So,
I’ve been trying to put into words what this disease is to me. What it is like
living with this illness and how it has affected my life on a daily basis,
mentally, emotionally, relationship wise, and, of course, physically. I will
not attempt to explain the medical definition of this disease or what it is
technically doing to me. This is what living with it is like.
I
know it has changed me and continues to do so. Living with chronic pain is
something only other chronic pain sufferers can truly understand. It’s a misery
that makes you hard, angry, mean, and I feel like I come across as unapproachable. Jaded doesn’t even begin
to touch on it. You develop such a misanthropic attitude because you truly do
not want anyone to be around you and it is so rare that someone genuinely
comprehends what you’re going through.
It’s
a daily pain. The best way I can find to describe the pain is this: if feels like
my skeleton, muscles, tendons, and organs are all on a slow boil inside of me;
slowly burning away into nothingness. Meanwhile someone is continuously
pressing the entirety of my epidermis onto barbed wire. It feels like I’m being
continuously tortured in some sort of medieval way. It’s constant. Constant.
I
want to have energy. I want to go out. I want to be functional. I look
completely fine and yet I’m suffering.
Along
with the pain comes the intense fear. The fear that at any moment whichever organ
is chosen next by your overactive immune system will fail. At any time that
could be it. They’ve already removed all of my disposable organs, because,
luckily, they were destroyed first. What will be next? And will this pain ever
end?
It
ruins relationships and makes people think you do not care about them. I have
no patience for the unimportant. I don’t have the energy or strength for small
talk or the normal dating lifestyle. When it is bad I cannot even be hugged
because the pressure on my skin is agony. Cuddling is not something comforting
to me. If it isn’t pain that it brings, the heat becomes too much for my body
to bear. Often I cannot even stand as much as a sheet covering me because any
pressure, touch, etc sends shock waves of pain through my body. Sunlight makes
it worse as does florescent lighting.
Then
there is the question of whether or not I will ever be able to conceive. I’d
love to have children sometime, but then again, do I dare? And with the fact
that this disease is hereditary and could easily be passed on to my children,
could I do that to them? I wouldn’t wish this disease on anyone. And I don’t
think I could handle it if I knew that I had passed this sort of torture onto
someone whom I love.
Mentally
it is taxing. Without my intelligence I would feel like nothing. My body
doesn’t work correctly, it makes me emotionally hardened and unavailable. My
brain is my salvation. My brain and music. And more often than not, anymore,
it’s only listening to music. When the lupus is really bad I don’t have the
strength in my hands to play my guitar. That fact hurts me more than anything
else.
Then...let’s
talk about not having insurance...they (the docs) were keeping me on a regiment
of strong painkillers, steroids, and beta blockers. Now there is nothing.
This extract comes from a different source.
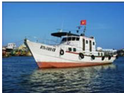
Tàu tuần tra, kiểm ngư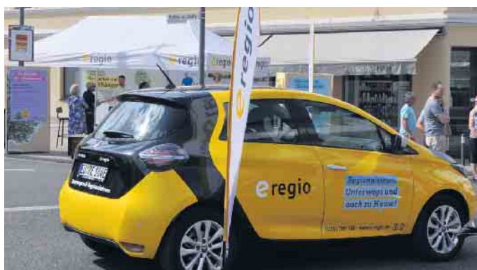
Elektromobilität und Energiesparmaßnahmen nehmen an den Ständen der Autohäuser und Energieunternehmen breiten Raum ein.

Fahrradmobilität oder Bekleidung, Spezialitätengeschäfte oder Fitness- und Wellnessangebote und vieles andere mehr - es ist für jeden Geschmack etwas dabei. Zudem bietet der Verkaufsoffene Sonntag eine besondere Gelegenheit, sich bei den Händlern und Dienstleistern umfassend zu informieren - und das ganz ohne Kaufdruck.

Nothing that even takes the edge off. Nothing OTC, at least.
It
takes your energy, your life force, your happiness, your desire to be happy,
your appetite, your patience, your willingness to listen to bullshit, and your
ability to sympathize. You turn people away because you know, in the end; you
cannot be the person they think you are. You feel like you don’t deserve to be
happy, or deserve for anyone to actually care about you or want to be with you.
It’s
struggle. It’s misery. It’s pain. It breaks you apart. I know, for I am broken.
It’s
hard to remain positive and look forward to the future when each day is a
battle.
This
was just a practice in self-reflection and some sort of attempt to help people
understand what living with lupus is like. Thank you for reading.